Но тетя Лида так просто не сдается. Работа с кредитами сделала из нее человека с железным характером. Вечером она звонит моей маме и пытается вразумить ее, словно имеет на это право. Мама краснеет, вздыхает, вставляет фразы типа: «Я подумала, это просто диатез», «Ну какие оральные контрацептивы, 13 лет ребенку», понуро угукает. Наверное, после такого мама наденет на меня паранджу, чтобы я больше не позорила ее перед людьми. Или вообще запретит выходить на улицу до полного выздоровления — то есть навсегда. Эта мысль подстегивает мои воспаленные железы; слезная соль струится по мелким кожным трещинкам, щиплет, как яблочный уксус.

Обескураженная мама наконец кладет трубку. Вопреки моим ожиданиям, она ничего не говорит про паранджу и затворничество, а протягивает мне бумажку с номером телефона: «Регистратура. Позвони завтра с утра, запишись. Василий Викторович, зав. отделением, от Лидии Алексеевны».

Откуда сама Лидия Алексеевна знает Василия Викторовича? Что она у него лечила? В другой ситуации я обязательно задалась бы этим вопросом. Пошлые шуточки и пикантные догадки не чужды мне и моему пубертатному окружению. Узнай об этом учительница литературы, которая считает меня ангелом во плоти, у нее случился бы инфаркт. Но сейчас мне больно даже дышать, не то что лишний раз «нести всякую ерунду». Я покорно киваю и кладу бумажку между страницами недочитанного «Сильмариллиона». Какое мне теперь чтение.

* * *

Просыпаюсь, не могу разомкнуть глаз — засохшая слизь склеила ресницы. Иду в ванную на ощупь. Долго, бережно оттираю веки махровым полотенцем, смоченным в воде. В теплой ванной так приятно, я бы провела здесь целый день. Но в регистратуру надо звонить ровно в восемь и ни минутой позже. Иначе шанса записаться не будет, только выговор от дежурной. Но что я скажу? Она ведь не станет выслушивать полный набор моих странных симптомов. Ей надо сразу, четко обозначить суть, иначе зарычит и бросит трубку.
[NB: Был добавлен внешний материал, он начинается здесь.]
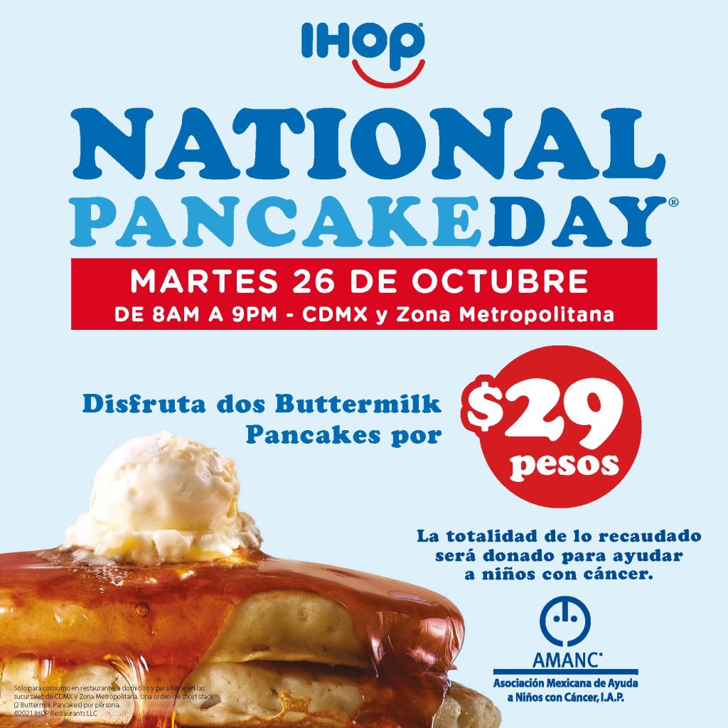 El 26 de octubre todos los restaurantes IHOP de la República Mexicana, estarán ofreciendo los mundialmente famosos Buttermilk Pancakes a un precio especial de $29.00 pesos*. Lo recaudado durante este día será donado en su totalidad a la Asociación Mexicana de Ayuda a Niños con Cáncer (AMANC), así como a las organizaciones locales con las cuales ésta trabaja.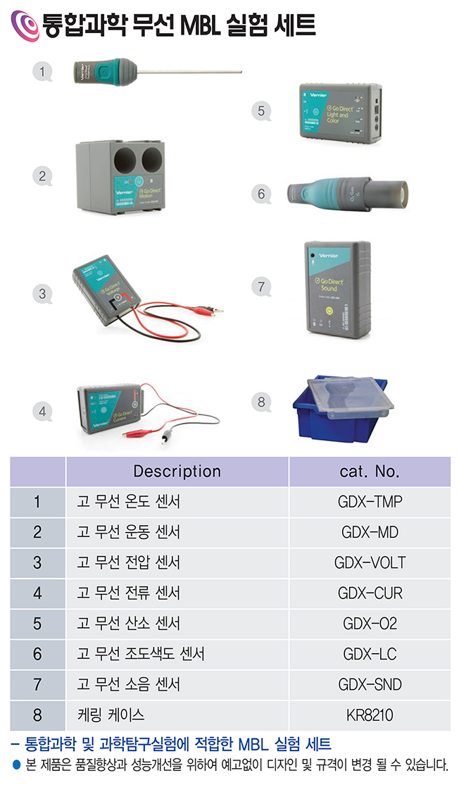 품명 코드번호 : VLS-0129 품명 : 통합과학 무선 MBL 실험 세트 개요 : 고 무선 온도 센서, 고 무선 운동 센서, 고 무선 전압 센서, 고 무선 전류 센서, 고 무선 산소 센서, 고 무선 조도색도 센서, 고 무선 소음 센서, 케링 케이스 구성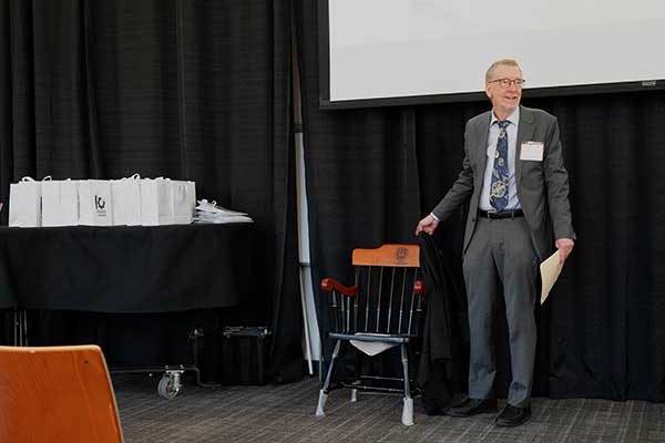 - Makowski receives a chair with his name and title on it to thank him for his time as chair of the department.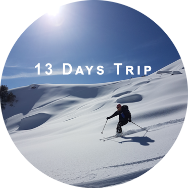 - Skis : wide powder skis minimum 100mm width, mounted with touring bindings, adjustable poles, skins and snow knives.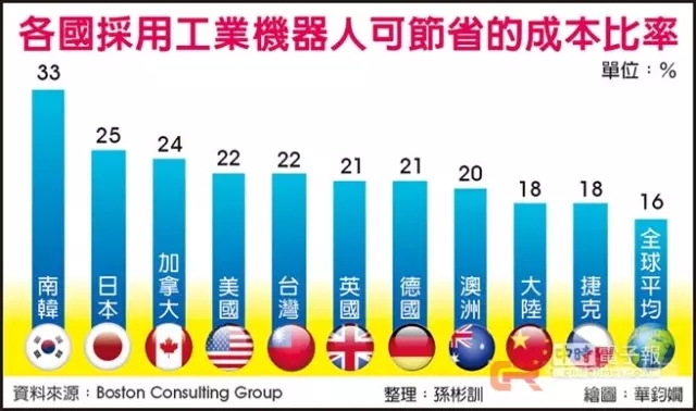 國(guó)際機(jī)器人聯(lián)合會(huì)(International Federation of Robotics,IFR)的2015年世界機(jī)器人統(tǒng)計(jì)報(bào)告,2014年全球機(jī)器人平均密度為每1萬(wàn)名員工中有66個(gè)機(jī)器人,在全球機(jī)器人密度排名方面,日本機(jī)器人密度高達(dá)314單位,僅落后于南韓的478單位。IFR估計(jì),全球工廠進(jìn)入2018年之后,將由近130萬(wàn)個(gè)工業(yè)機(jī)器人來(lái)提供服務(wù)。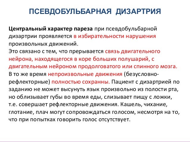 - 39. ПСЕВДОБУЛЬБАРНАЯ ДИЗАРТРИЯ Центральный характер пареза при псевдобульбарной дизартрии проявляется в избирательности нарушения произвольных движений. Это связано с тем, что прерывается связь двигательного нейрона, находящегося в коре больших полушарий, с двигательным нейроном продолговатого или спинного мозга. В то же время непроизвольные движения (безусловно- рефлекторные) полностью сохранны. Пациент с дизартрией по заданию не может высунуть язык произвольно из полости рта, но облизывает губы во время еды, слизывает пищу с ложки, т.е. совершает рефлекторные движения. Кашель, чихание, глотание, плач могут сопровождаться голосом, несмотря на то, что при попытках говорить голос отсутствует.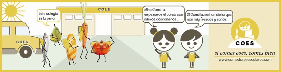Desde septiembre y para este curso escolar los comensales de Coes, van a estar acompañados activamente por: Coesito y Coesita, a través de estos dos simpáticos personajes, COES, pretende llegar a la población escolar y a los mas mayores, para que descubran que su alimentación y la nutrición, junto con la actividad física, son importantes todos los días del año.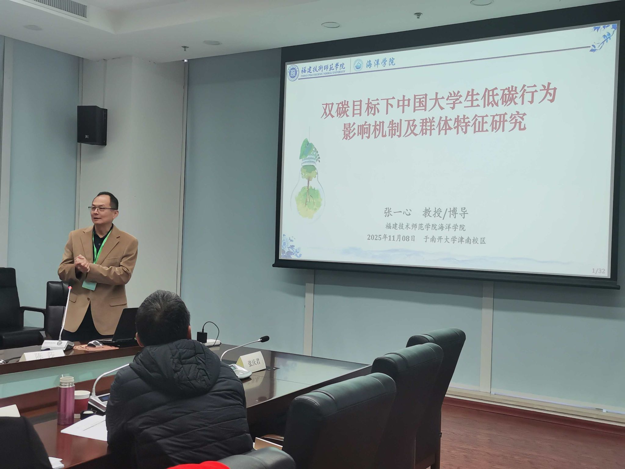 11月7日-10日,“新时代生态文明教育的回顾与展望学术研讨会”在天津南开大学召开,邀请了来自北京大学、中国人民大学、西安交通大学、天津社会科学院等国内高校、科研机构及政府部门专家学者120人参会,共同探讨生态文明教育的前沿问题与对策。我院张一心教授应邀出席,并作题为《双碳目标下中国大学生低碳行为影响机制及群体特征研究》专题报告。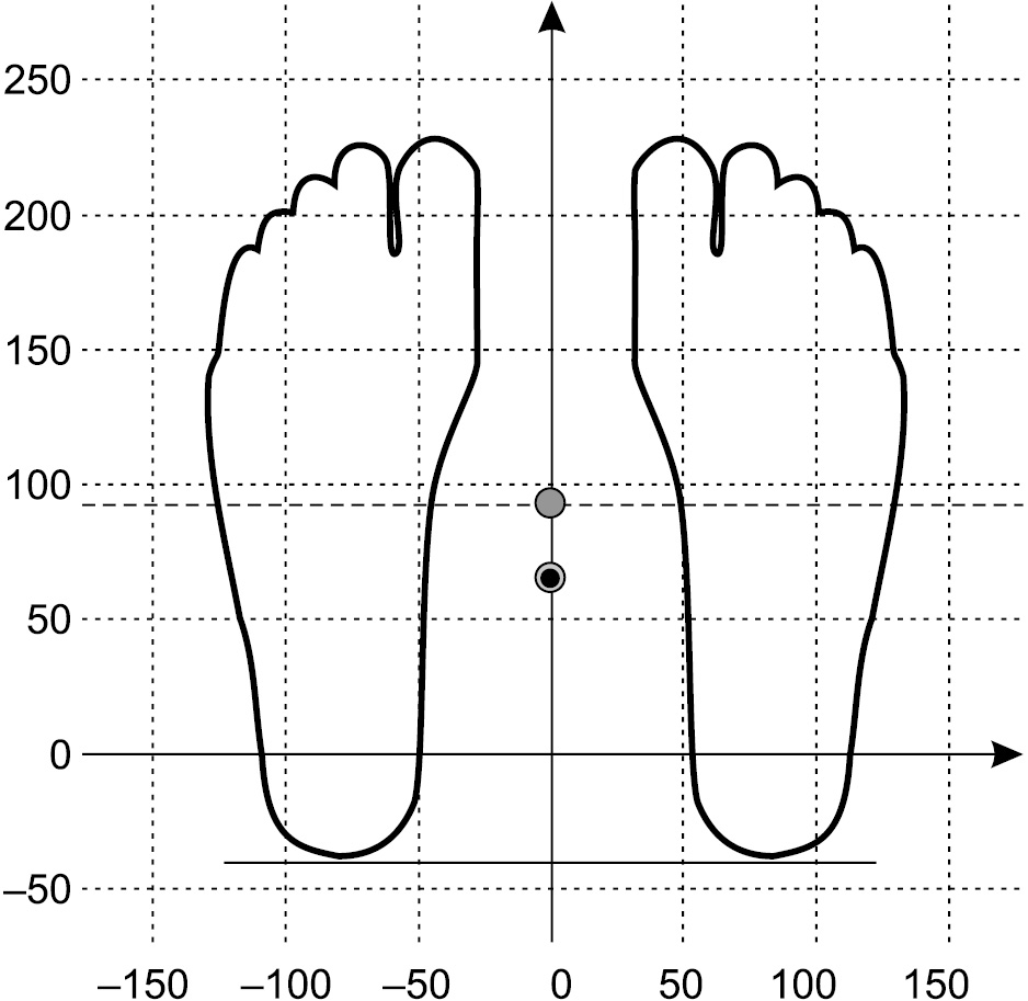 Положение стоп пациента на стабилометрической платформе во время исследования. Американский вариант, глаза открыты.

Родители уже на работе, бабушка дремлет у себя. Не будить же ее: она и так все время велит мне быть самостоятельней. Такая у нее теперь стратегия воспитания.

Восемь ноль пять. Пора. Дрожащей рукой достаю записку с именем доктора из книжки; «Сильмариллион», балансируя, падает на пол, корешком прямо по босым пальцам. Уф. Набираю номер. Сердце прыгает, ударяясь то об пятки, то об горло. Может, там сегодня выходной? Вот бы…

— Регистратура!

— Здравствуйте. У меня… вопрос.

— Говорите!

— Я бы хотела записаться к доктору, который занимается кожными вопросами.

— У нас много докторов, кого конкретно надо?!

— Мне… — Неужели я это все-таки произнесу? — Мне к Викентию Васильчу.

— Василий Викторович расписан на месяц!

Фух, пронесло; через месяц он мне уже будет не нужен — либо все само пройдет, либо я совсем облезу, и дело с концом. Палец тянется нажать «отбой», но трубка вдруг разражается удивленным воплем:

— А, нет, девушка, есть! Сегодня в шестнадцать окно! Записываю?!

О-о-о, нет. То есть да, конечно. Почему я всегда соглашаюсь с тем, чего на самом деле не хочу? Кому это надо? Мне. Я ведь хочу выздороветь. Но мне не надо так, чтобы соседка позвонила маме, узнала об отказе, а потом выспросила у своего ненаглядного доктора, что место все-таки было, а я струсила! Это будет позорище. Люди, которые всем причиняют добро, очень не любят, когда их помощь кто-то отвергает.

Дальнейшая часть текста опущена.